Infinitely many integer triples $(x, y, z)$ satisfying $x^2 + 2y^2 = 3z^2$

Question

My book mentions a proof involving a 1:1 correspondence with rational slopes through the point $(1, 1)$, I guess for every value of $z$. I'm interested in this approach but I don't know how to make it work.

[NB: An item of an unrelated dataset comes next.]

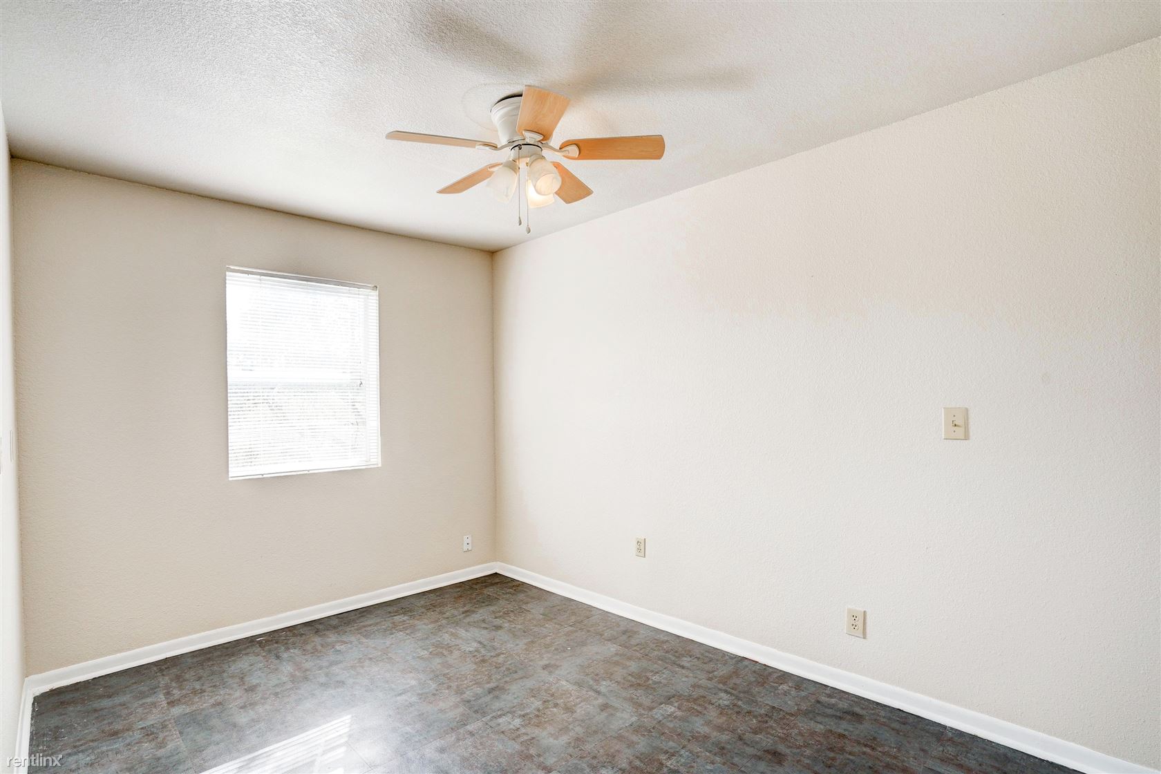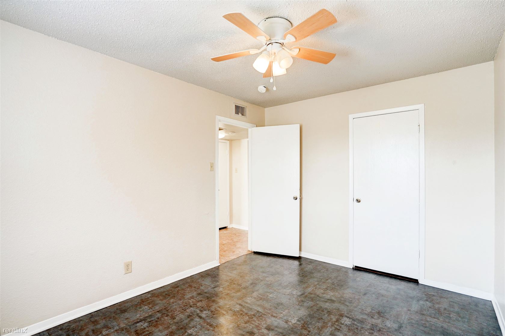 The bathroom features a single vanity and a built-in tub/shower.

Otherwise, how would I go about proving this?

Answer 1

We may find all the rational points on $X^2+2Y^2=3$ by just considering that $(1,1)$ is one of them. Let us consider a line through $(1,1)$ with rational slope $m$ and its second intersection with the given ellipse: by Vieta's theorem, it is a rational point. Namely it is

$$ (X,Y) = \left(\frac{2m^2-4m-1}{2m^2+1},-\frac{2m^2+2m-1}{2m^2+1}\right) $$ and this gives a parametrization of all the rational points on our ellipse, with the only exception of $(X,Y)=(1,-1)$. By setting $m=\frac{p}{q}$ we may easily derive the identity

$$(2p^2-4pq-q^2)^2+ 2(2p^2+2pq-q^2) = 3(2p^2+q^2)^2 $$ proving the claim about the existence of infinite primitive solutions.

Answer 2

If $(x_0,y_0,z_0)$ is a solution to this problem, then is also $x=x_ot$, $y=y_ot$ and $z=z_ot$ for each integer $t$. So you have to find this one solution $(x_0,y_0,z_0)$ and this is not difficult to do, since $(1,1,1)$ will do.